WORK ITEM » Exact copies of the lines below are the goal; any images in them are dropped.

EXCERPTED DATA »
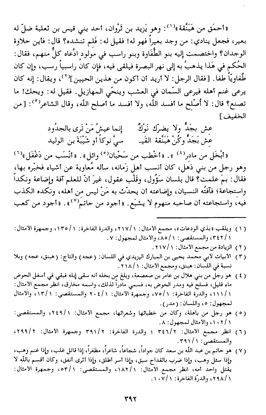 (أحمَق من هَبّنقة) : وهو يَزيد بن ثَرْوان أحد بني قيس بن ثعلبة ضل له بعير فجعل ينادي: من وجد بعيرا فهو لهفقيل له: فلم تنشدهقال: فأين حلاوة الوجدان. واختصمت إليه بنو الطُّفَاوة وبنو راسب في مولودٍ ادَّعاه كلٌّ منهم فقال: الحُكم في هَذا يذهبُ به إلى نهر البصرة فيلقى فيهفإن كان راسبيا رسب وإن كان طُفاويّاً طفا.
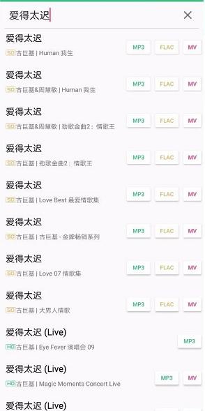 4.无论是无损还是MV,统统都能帮你找到,下载很是简单,点击你想要的音质即可;
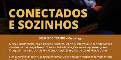 O grupo de teatro da Cercisiago apresenta a peça "Conectados e Sozinhos", no dia 13 de março, pelas 21h30, no Auditório Municipal António Chainho, em Santiago do Cacém. A peça convida-nos a refletir sobre a forma como a tecnologia mudou as nossas relações.
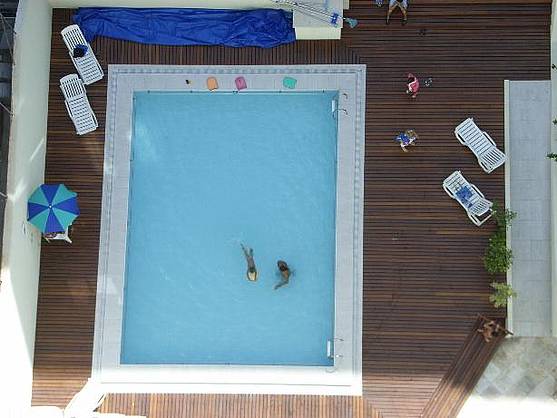 There are several lights on the upper pool terrace, nice seating and great views invite to relay and stay.
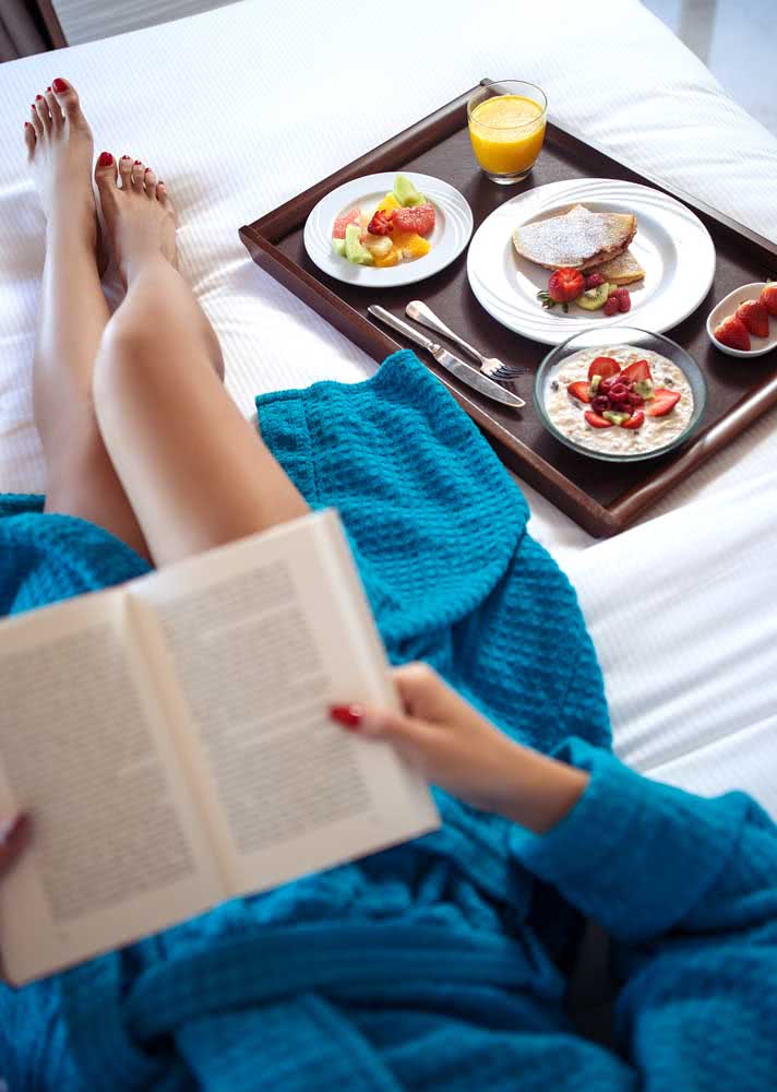 Imagem 18 – Café da manhã na cama acompanhado de um bom livro.
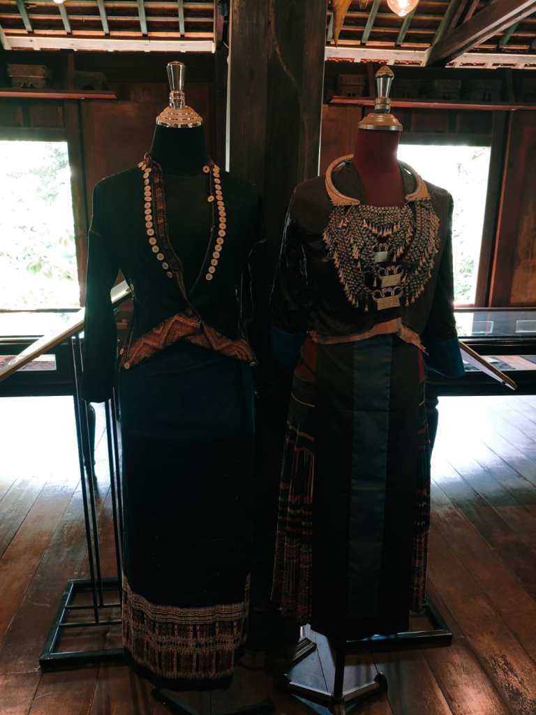 To be honest, I’m not a fashion enthusiast, so I wasn’t familiar with the patterns and styles of this vintage design. However, most of them were created for special events and festivals. For example, some dresses could only be worn on a specific day of the year, which meant women couldn’t wear them on ordinary days. I was surprised by the similarities between Chinese and Laotian cultures. Although they are quite different from each other, rituals still hold an important position in their lives. But what I didn’t expect was the function of the dresses. Apart from being worn for celebrations, they also served as the “uniform” of witch doctors during the 20th century.
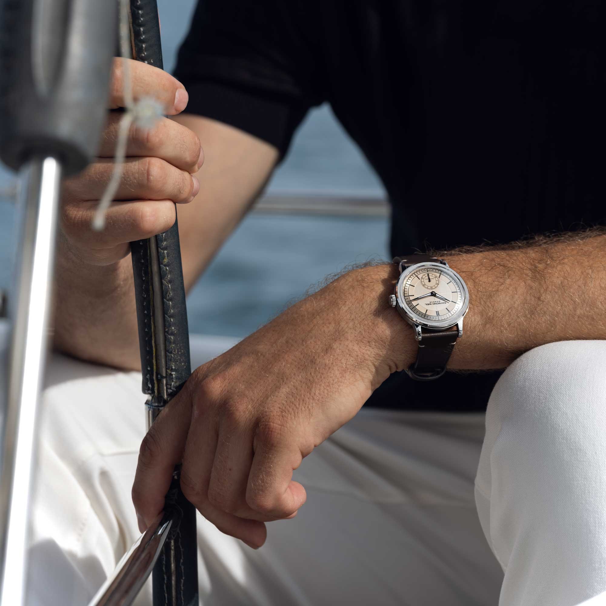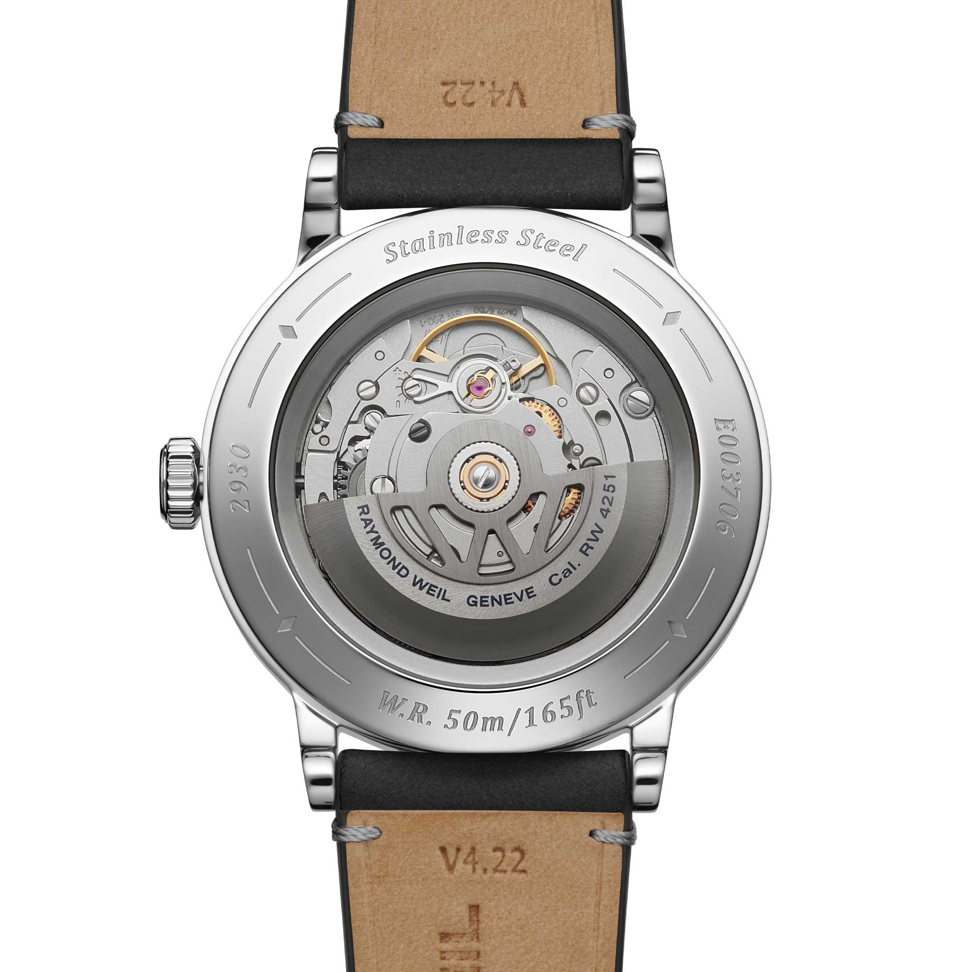 A sapphire caseback affords sight of the self-winding movement within and the “W-shaped” oscillating weight, RAYMOND WEIL’s horological signature. Offered in a selection of dial colours, each model is paired with a colour-coordinating genuine calf leather strap with a unique W-stitched detail.
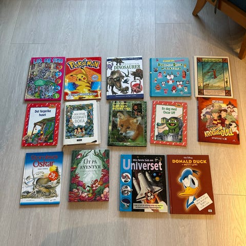 Et utvalg av bøker inkludert barnebøker, ungdomsbøker og romaner i ulike størrelser og titler. Bøkene dekker ulike sjangre og temaer, med variasjon i farger og omslagsdesign. Det er både norsk og engelsk litteratur i kassen.
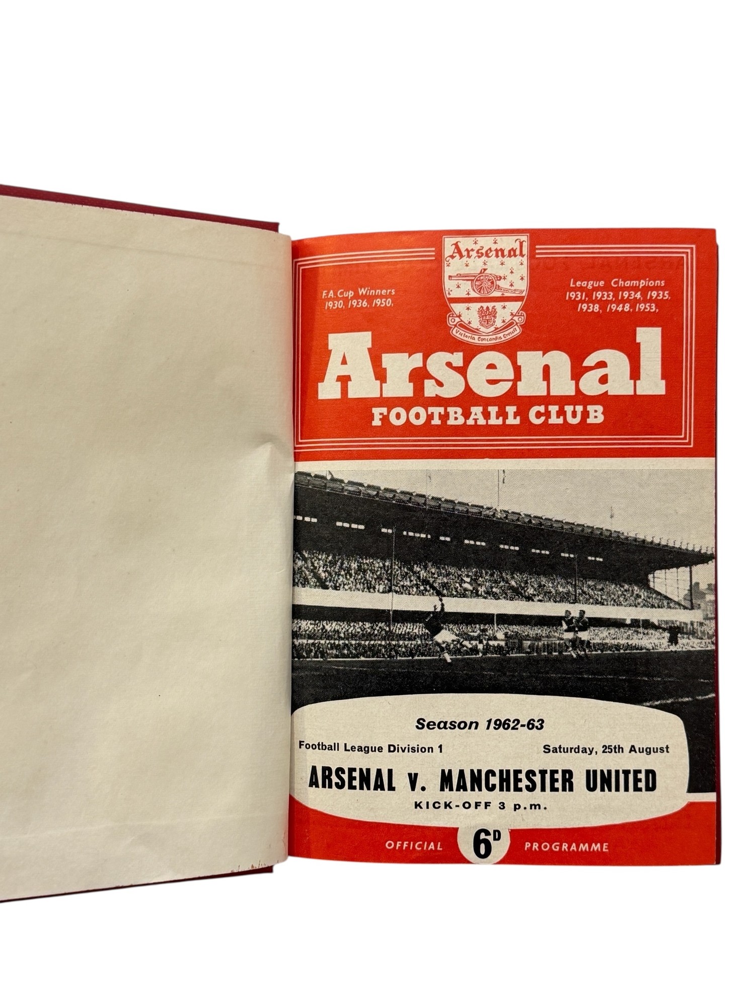 1962/63 ARSENAL BOUND VOLUME, FILLED WITH HOME PROGRAMMES, LEAGUE/CUP, NO RESERVES NOTED, WITH COVERS.
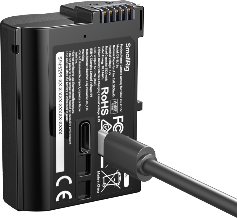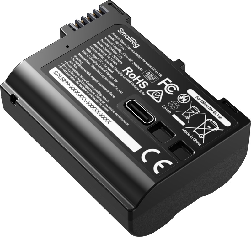Specyfikacja techniczna - SmallRig 5299 - zamiennik, akumulator Nikon EN-EL15c z portem USB-C i wskaźnikiem naładowania do baterii, 2600mAh

OUTPUT »
 (أحمَق من هَبّنقة) : وهو يَزيد بن ثَرْوان أحد بني قيس بن ثعلبة ضل له بعير فجعل ينادي: من وجد بعيرا فهو لهفقيل له: فلم تنشدهقال: فأين حلاوة الوجدان. واختصمت إليه بنو الطُّفَاوة وبنو راسب في مولودٍ ادَّعاه كلٌّ منهم فقال: الحُكم في هَذا يذهبُ به إلى نهر البصرة فيلقى فيهفإن كان راسبيا رسب وإن كان طُفاويّاً طفا.
 4.无论是无损还是MV,统统都能帮你找到,下载很是简单,点击你想要的音质即可;
 O grupo de teatro da Cercisiago apresenta a peça "Conectados e Sozinhos", no dia 13 de março, pelas 21h30, no Auditório Municipal António Chainho, em Santiago do Cacém. A peça convida-nos a refletir sobre a forma como a tecnologia mudou as nossas relações.
 There are several lights on the upper pool terrace, nice seating and great views invite to relay and stay.
 Imagem 18 – Café da manhã na cama acompanhado de um bom livro.
 To be honest, I’m not a fashion enthusiast, so I wasn’t familiar with the patterns and styles of this vintage design. However, most of them were created for special events and festivals. For example, some dresses could only be worn on a specific day of the year, which meant women couldn’t wear them on ordinary days. I was surprised by the similarities between Chinese and Laotian cultures. Although they are quite different from each other, rituals still hold an important position in their lives. But what I didn’t expect was the function of the dresses. Apart from being worn for celebrations, they also served as the “uniform” of witch doctors during the 20th century.
 A sapphire caseback affords sight of the self-winding movement within and the “W-shaped” oscillating weight, RAYMOND WEIL’s horological signature. Offered in a selection of dial colours, each model is paired with a colour-coordinating genuine calf leather strap with a unique W-stitched detail.
 Et utvalg av bøker inkludert barnebøker, ungdomsbøker og romaner i ulike størrelser og titler. Bøkene dekker ulike sjangre og temaer, med variasjon i farger og omslagsdesign. Det er både norsk og engelsk litteratur i kassen.
 1962/63 ARSENAL BOUND VOLUME, FILLED WITH HOME PROGRAMMES, LEAGUE/CUP, NO RESERVES NOTED, WITH COVERS.
Specyfikacja techniczna - SmallRig 5299 - zamiennik, akumulator Nikon EN-EL15c z portem USB-C i wskaźnikiem naładowania do baterii, 2600mAh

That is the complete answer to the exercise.